Many will question what or what more can be done. FEMA has invested substantial resources in Puerto Rico post-Maria. And yet, the island suffers still. Tourism can help. Puerto Rico relies on tourism to fuel other industries. When we visited the island in January, we experienced incredible natural beauty, great hotels and restaurants, warm and welcoming people, and an island open for business. I encourage anyone interested in a week away in a tropical paradise to consider Puerto Rico. As you enjoy the surrounding environment, you will also support its revitalization.

Angela Dassow is an assistant professor of biology at Carthage College.

Categories: Op-Ed

One thought on “Op Ed: What I Learned in Puerto Rico”

  1. frank a schneiger says:

    Years ago, Puerto Rico called itself America’s “Shining Star,” and its smaller neighbor the U.S. Virgin Islands license plates bore the slogan “America’s Paradise.” Those days are long gone, and, unfortunately, tourism will not bring them back, especially in Puerto Rico. Puerto Rico is and has been an American colony for well over a century, and, contrary to popular belief, its treatment by the colonial power has not been much better than that of others with shabby and exploitative records.

    Its recent decline predates by at least a decade the devastation brought by the 2017 hurricanes. Since early in the new century, its economy has been in deep recession, an event driven by changes in U.S. tax law that led to a mass exodus of industries, especially pharmaceuticals, for greener, i.e., cheaper, pastures with better tax breaks. One result has been a massive flight of talent, especially young Puerto Ricans, who could see no future on an Island that they love.

    The combination of economic decline, widespread corruption and government ineffectiveness have multiplied the impact of the catastrophic storms. Then, added to this tragedy, the storms came early in the tenure of Donald Trump and his nativist and racist administration. It should come as no surprise, given the treatment of California as a hostile country, that Trump and his helpers would seek to further victimize Puerto Rico, a task made simpler by the island’s governmental deficiencies. For people like them it is always easier to give a wounded dog a good kick than try to help it, especially if you are already a sadist and a bully. Just yesterday, Mr. Trump said, “the place is a mess, nothing works,” and they “only take from the USA,” as if they are not part of the USA. One of his helpers referred to Puerto Rico as “that country.”

    With respect to Dr. Dassow’s focus on the environment, in addition to the immediate and dire need for massive assistance and debt forgiveness – neither of which appears forthcoming – there are the multiple threats posed by climate change, including the near certainty of future powerful storms.
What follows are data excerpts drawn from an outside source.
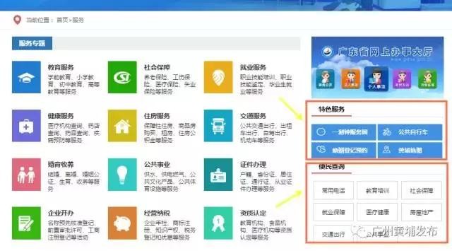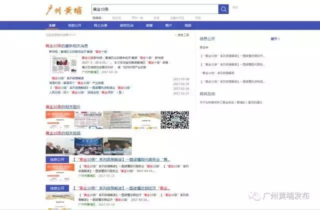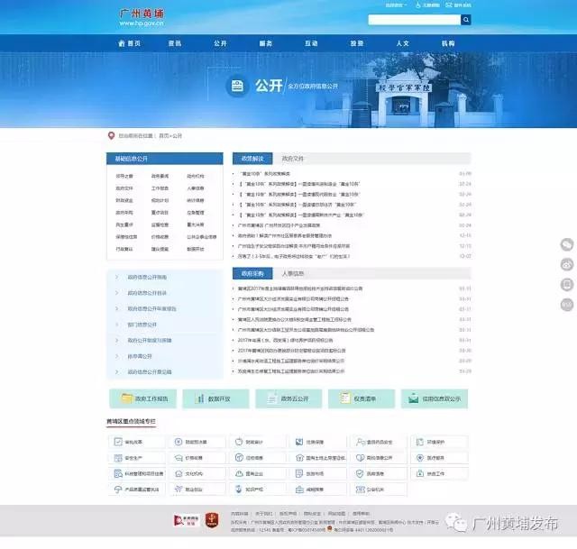 新版网站通过一键搜索,能集中查询黄埔区内各部门政务资源,包括区政府各部门信息公开、网上办事事项、公众互动信息、黄埔发布微信微博、图片、视频等内容。
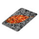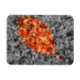 Photographie d'automne de couleur sélective de feuilles de myrtes tombées, avec une forme de feuilles dorées de rouge, orange et jaune vif contre un arrière - plan noir et blanc.
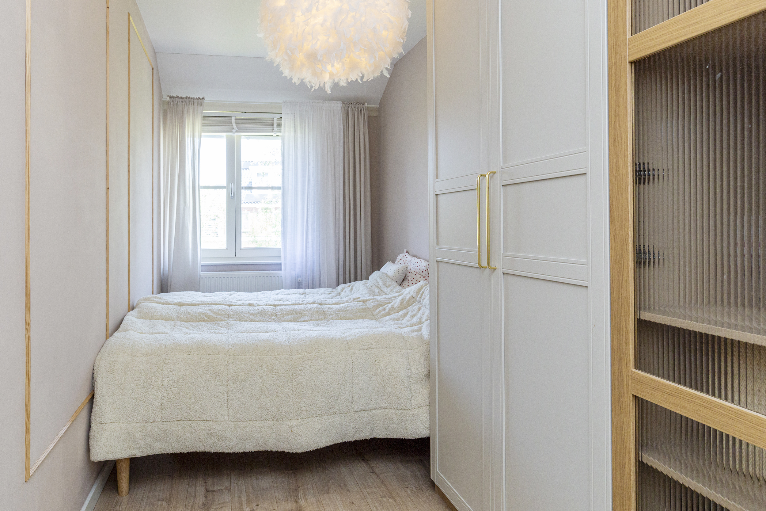 Via de overloop vindt u drie goed formaat slaapkamers en de badkamer. De badkamer is stijlvol afgewerkt en voorzien van een wastafelmeubel, een inloopdouche en een toilet. De slaapkamers bieden voldoende ruimte voor zowel een kinderkamer als een werkkamer of hobbyruimte.
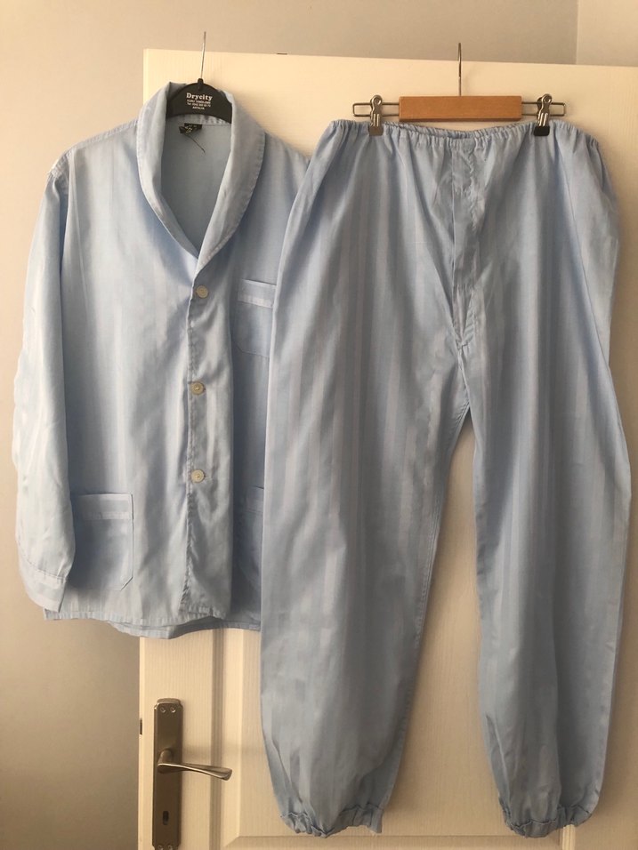 Yumuşak mavi kumaştan, düğmeli, yakalı ve uzun kollu, bol kesim erkek pijama takımı. Alt pantolon lastikli manşetlidir. ️
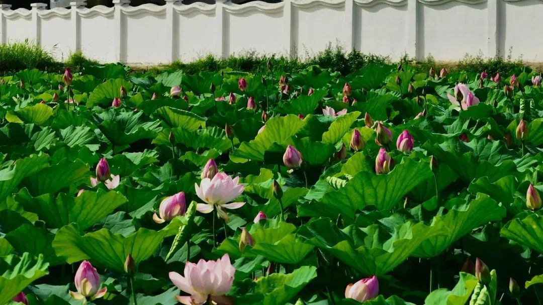 荷花、荷塘與白墻相映成趣
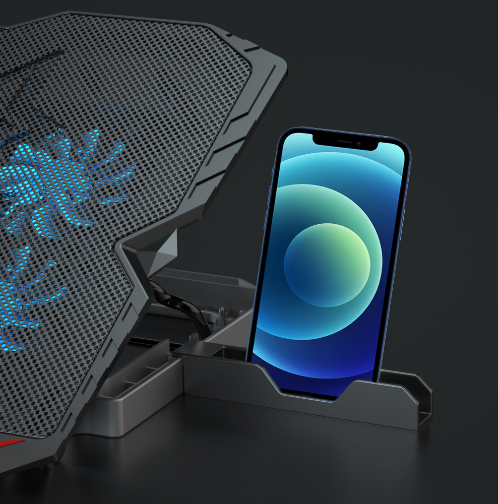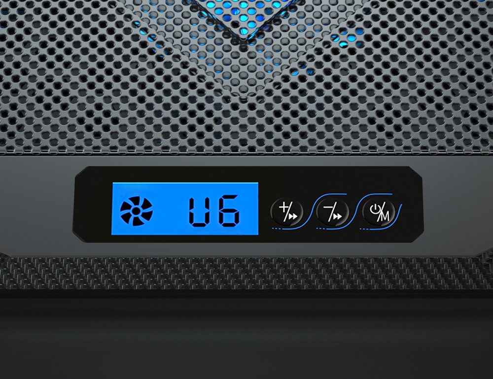 Εξοπλίζεται με LCD οθόνη και πλήκτρα για την ρύθμιση ταχύτητας των ανεμιστήρων και διαθέτει stand για το κινητό σας τηλέφωνο.
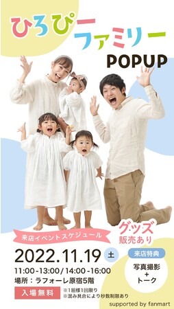『ひろぴーファミリー』は「 育児は楽しい!」をコンセプトに家族の日常を発信している、SNS総フォロワー数78万人突破の大人気ファミリーインフルエンサーです。名古屋市でイベント開催した際には、1日で750名以上の集客をしています。この度、待望のオリジナルファングッズ販売と一緒に、会えるポップアップイベントを開催いたします。
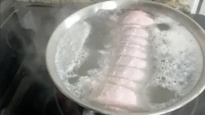 5. Once boiling, remove pork from pot and rinse off with water.
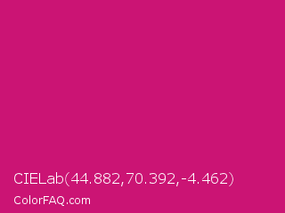 CIELab 44.882,70.392,-4.462 Color is a normal rose color and the nearest color is Magenta Dye #ca1f7b. Hex code #cb1474 and RGB value is rgb(203,20,116). In RGB color space, this color is composed of 80% red, 8% green, 45% blue, In CMYK color space, this color is composed of 0% cyan, 90% magenta, 43% yellow , 20% black , In HSL color space, this color has a hue angle of 329° , 82% saturation and 44% lightness.
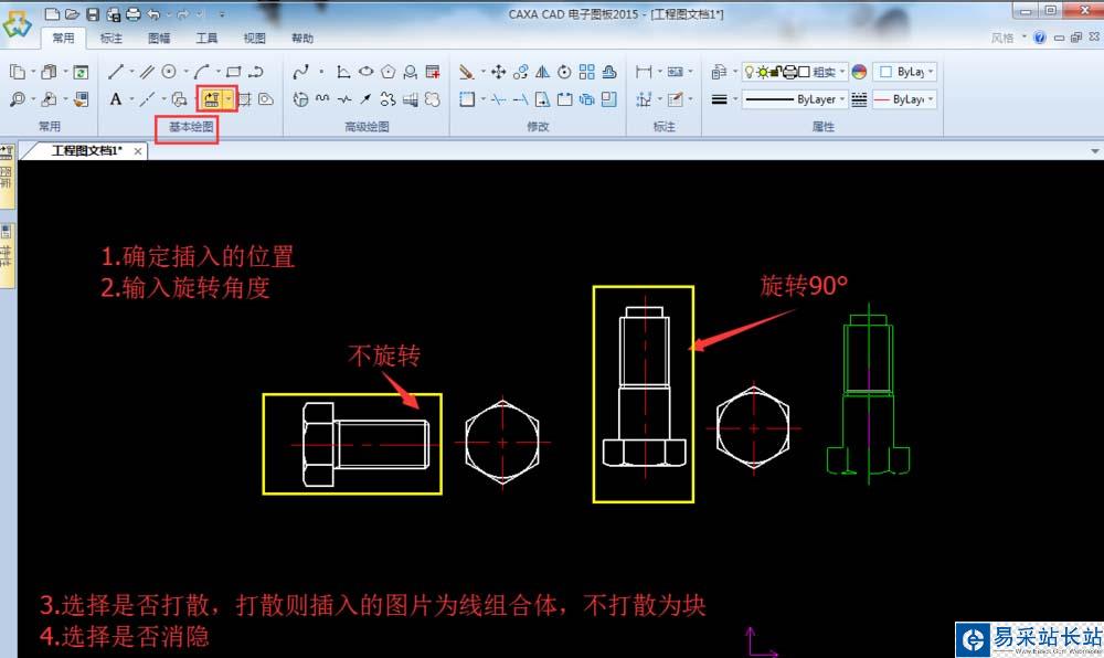6、點擊【完成】后,進入主繪圖界面,鼠標左鍵點擊要插入的位置,然后選擇是否旋轉,如不旋轉,鼠標右鍵確認;如需要旋轉,輸入要旋轉的角度。在左下方還有【打散】和【消隱】選項,選擇【打散】則插入的圖案為線條組合,【不打散】則圖案為塊,是一個整體;【消隱】是為了裝配后隱匿看不見的部分。到此,調用六角頭螺栓就完成了。
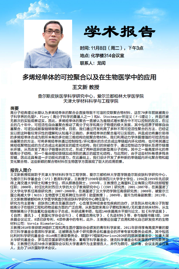学术报告:爱尔兰查尔斯皮肤医学科学研究中心都柏林大学医学院,王文新 教授,多烯烃单体的可控聚合以及在生物医学中的应用
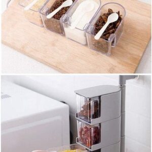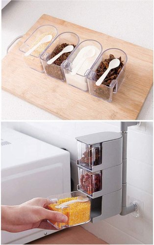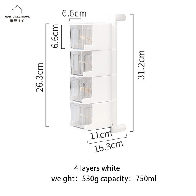 4 Layer Rotating Wall Sticky Masala Shelf Boxes Holder Wall-Mounted Plastic Transparent Seasoning Box for Spice Set
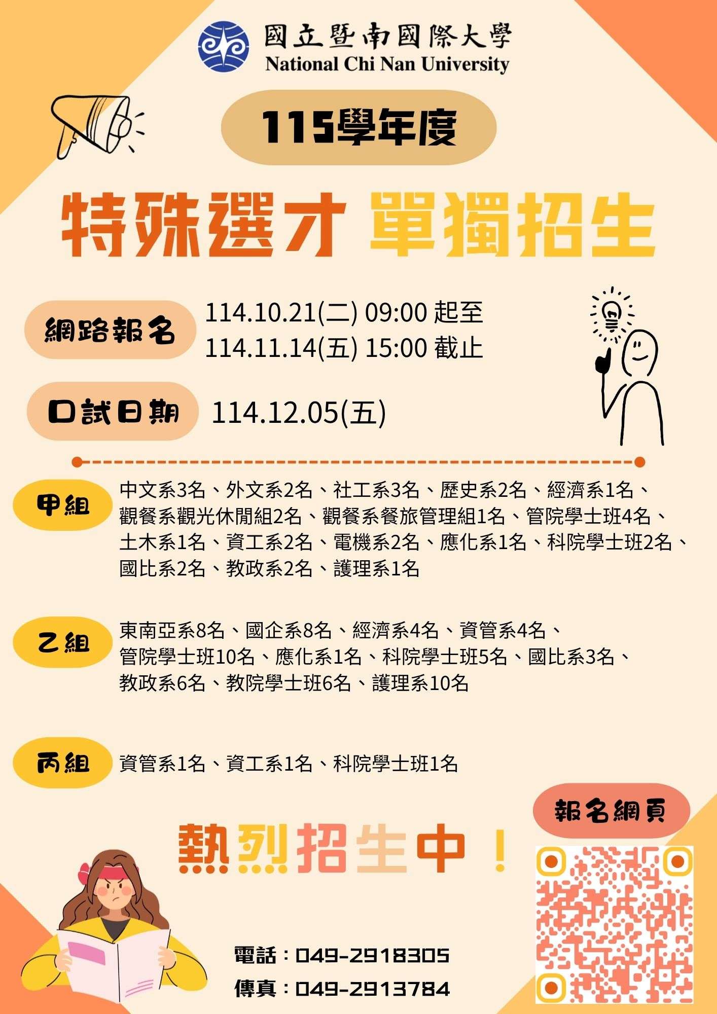 一、該校115學年度特殊選才單獨招生網路報名自114年10月21 日起至114年11月14日止。
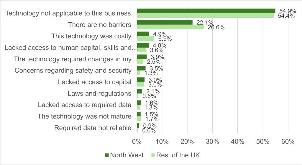 调查结果显示,认知度和适用性是比成本更大的障碍。超过一半的大曼彻斯特中小企业表示,3D打印与它们的业务无关,几乎与全国平均水平相同。略超过五分之一的受访者表示没有遇到任何障碍,但仍未采用,这表明激励措施仍不明确。不到百分之五的受访者认为成本是障碍,而同样比例的受访者则指出缺乏熟练的员工。较少的受访者提到了技术不成熟、数据不可靠、法律限制或安全隐患。
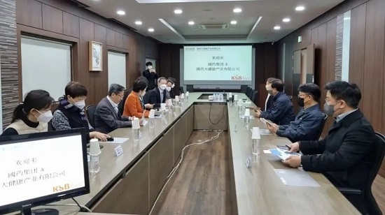KSB FOOD是韩国知名食品企业,经营品种500余个,产品出口多个国家和地区。杨柳一行与KSB FOOD代表理事会长曹斗镐、代表理事李相镐深入交流,双方认为疫情下人们的生活方式改变、健康意识增强,速食、即食健康食品受到热捧,表示要紧抓市场机遇、务实合作,共同致力于功能性食品、药食同源食品、健康食品等研发与推广。
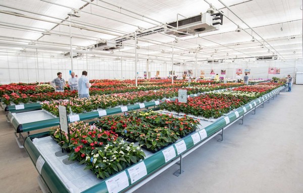 The many different colors and varieties of Anthurium and Phalaenopsis pot plants in the show greenhouse provided ample scope for conversation, especially when it came to future assortments.
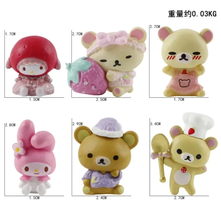 - > 6 pçs sanrio mini figura minha melodia urso marrom chef chapéu figuras de ação kuromi boneca diy bolo decorar presentes brinquedos para crianças
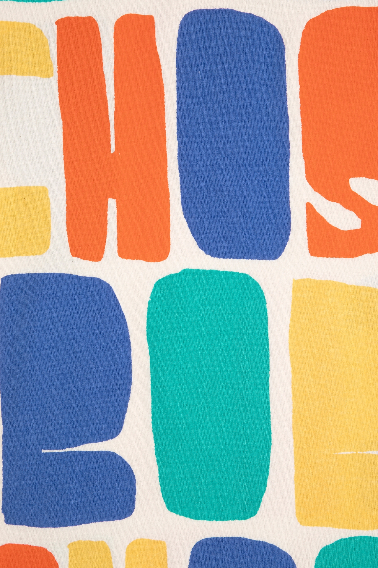 The vibrant all-over multicolor print features playful abstract shapes and large lettering that highlight the imaginative design language of Bobo Choses. The bright palette of blue, orange, yellow, and green creates a joyful statement piece that instantly elevates any kids outfit.
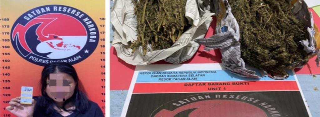 “Benar, Satresnarkoba Polres Pagar alam telah mengamankan seorang perempuan yang diduga sebagai pengedar ganja. Dari hasil pemeriksaan, barang bukti yang ditemukan mencapai setengah kilogram ganja kering siap edar,” terang Kasat Narkoba Iptu Doris Pidriandi.
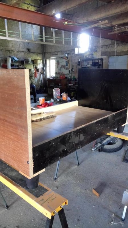 quand nous avons acheté notre nouveau frigo il nous a paru évident que la télé ne pouvait pas être remise sur le dessus car il était bien plus grand que l autre alors que faire????? racheter un nouveau meuble???? on a un peu regardé et rien de bien "folichon" - en attendant je l avais mise sur un petit meuble ancien qui venait de chez mes parents mais cela n était que provisoire et lorsqu on a démonté l ancien meuble de séjour, mon mari a tout stocké au garage "au cas où!!!!!!!!!!!! cela peut servir" - et bien voilà l opération "recyclage" a été lancée (imaginée par mon mari cette fois) avec le bloc tiroir qui prenait le plus de place dans le stockage
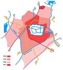 Leiden began to expand beyond its 17th-century moats around 1896 and the number of citizens surpassed 50,000 in 1900. After 1920, new industries were established in the city, such as the canning and metal industries. During World War II, Leiden was hit hard by Allied bombardments. The areas surrounding the railway station and Marewijk were almost completely destroyed.
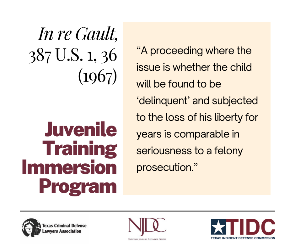 Join us in taking Texas Juvenile Defense to the next level. TCDLA has partnered with the National Juvenile Training Center and the Texas Indigent Defense Commission to bring cutting edge juvenile defense practice to Texas. During the next year we will be holding regional seminars free for juvenile law practitioners. Registration opens soon!
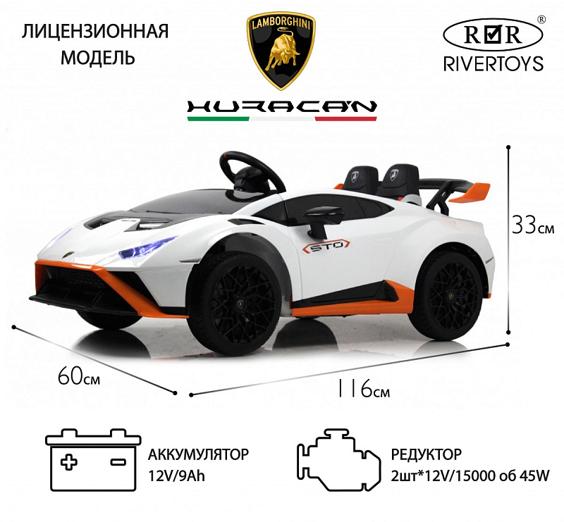Для вашего ребенка только самое лучшее! Представляем детский электромобиль Lamborghini Huracan STO от RiverToys. Этот невероятно стильный и мощный автомобиль станет настоящим сокровищем в коллекции вашего малыша. Lamborghini Huracan STO – это самая популярная модель электромобиля, созданная специально для детей. Он воссоздает все особенности настоящего Lamborghini: грациозные линии, роскошный интерьер и мощный двигатель. Ребенок будет чувствовать себя настоящим гонщиком!
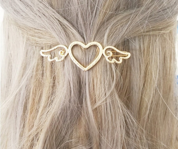 Елегантна металева шпилька, що нагадує серце з крилами, - вишуканий і чарівний аксесуар для волосся.
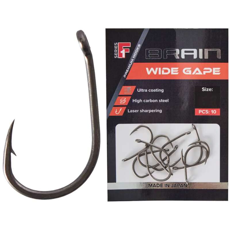 Гачок Brain Wide Gap із прямою цівкою і загнутим всередину жалом, за формою нагадує гачок Brain Snagger, але виконаний з набагато більш тонкого японського високовуглецевого сталевого дроту «ЗЅ-80» . Для порівняння: товщина дроту гачка Brain Wide Gape №4 становить 0,36 мм, а аналогічного розміру Snagger виготовлений з дроту 0,47 мм. Завдяки своїй товщині гачок Brain Wide Gape є універсальним і відмінно працює на різних монтажах, а також з найрізноманітнішими насадками, в тому числі і плаваючими.
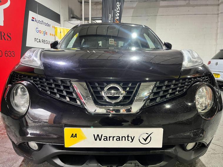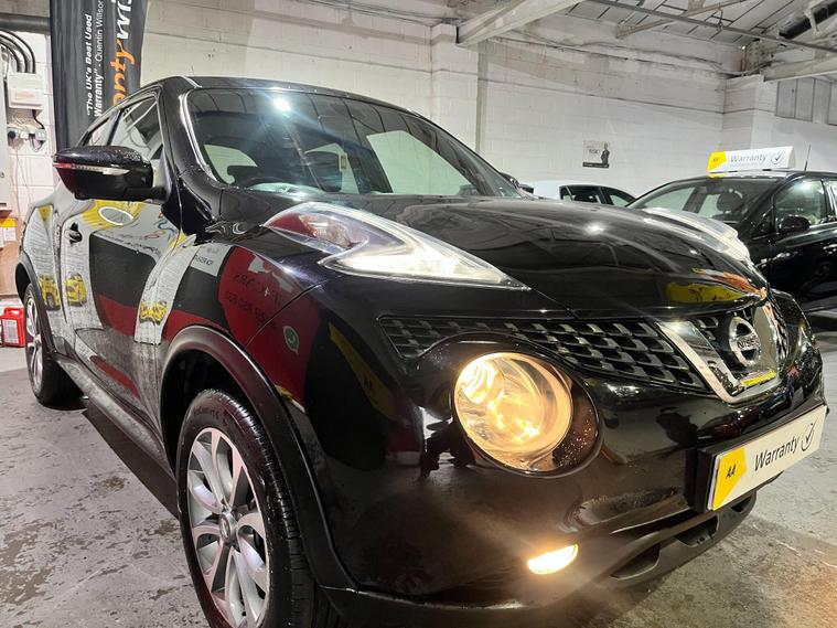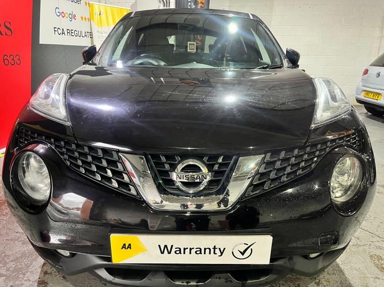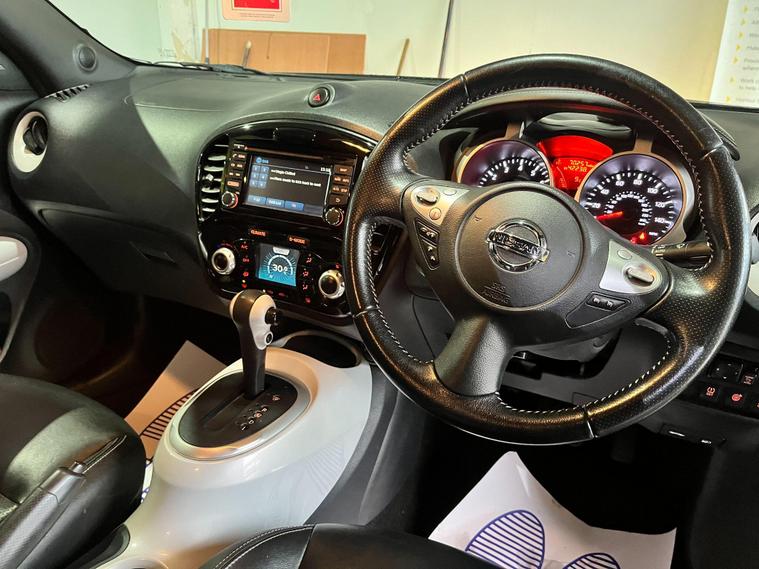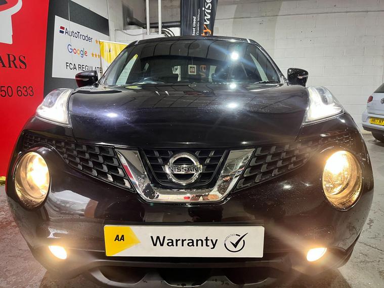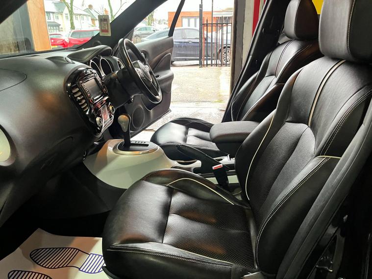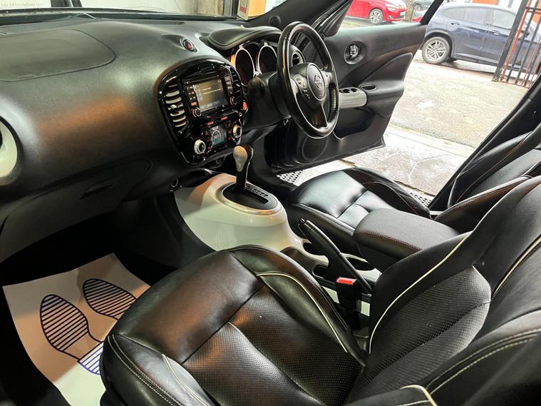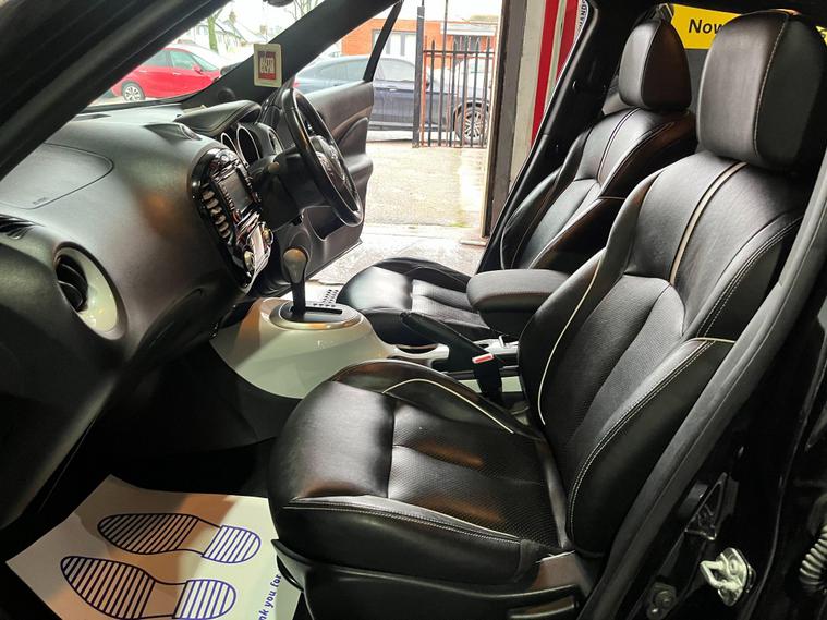 HPI CLEAR++3 MONTHS NATIONWIDE PREMIUM WARRANTY AND 12 MONTHS AA BREAKDOWN COVER++A NICE EXAMPLE OF THE DESIRABLE NISSAN JUKE AUTOMATIC FINISHED IN PANTHER BLACK WITH SENSIBLE MILES BACKED BY A UPTO DATE SERVICE RECORD++AVAILABLE TO RESERVE NOW IN OUR NEW YEAR SALE++COMES COMPLETE WITH A NEW SERVICE, FULL MOT AND HEALTH CHECK INCLUDED++EXCELLENT SPEC WITH PREMIUM BLACK LEATHER INTERIOR, HDD SAT NAVIGATION, TOUCHSCREEN MEDIA PACKAGE, 360 CAMERA, HEATED SEATS, DAB RADIO, REVERSE CAMERA, CLIMATE CONTROL, PRIVACY GLASS, BLUETOOTH PREP, ON BOARD COMPUTER AND MUCH MORE++LOW EMISSION ZONE COMPLIANT++FROM OUR ASSURED RANGE FOR YOUR PEACE OF MIND ESTABLISHED DEALER FOR OVER 10 YEARS WORKING ALONGSIDE AA FOR MANY YEARS WITH HONEST CARE AND TRUST PROVIDED TO ALL OUR CLIENTS++PART EXCHANGE WELCOME FINANCE OPTIONS AVAILABLE ANY DEBIT CARD PAYMENTS ACCEPTED++EXTENDED WARRANTY PACKAGES AND DRIVE AWAY INSURANCE AVAILABLE++FCA REGISTERED AND REGULATED++PLEASE CONTACT OUR FRIENDLY TEAM FOR ANY INFO AND OPTIONS TO PURCHASE++HIGHLY RATED ON AUTO TRADER++VISIT US ON dealer's website FOR OTHER SIMILAR CARS AVAILABLE NOW.

Unless something dramatic is done, Puerto Rico’s future – and that of its smaller colonial neighbor, the Virgin Islands – is likely to be one of ongoing decline and depopulation.

    In addition, there is a near certainty that the Puerto Rican independence movement, usually hovering around 10% in polls, will become the dominant political movement in the near future, its symbol possibly being an extended middle finger pointed toward the mainland. It’s going to take a lot more than natural beauty and great hotels to change any of this. As a great thinker once said, “you can’t eat scenery.”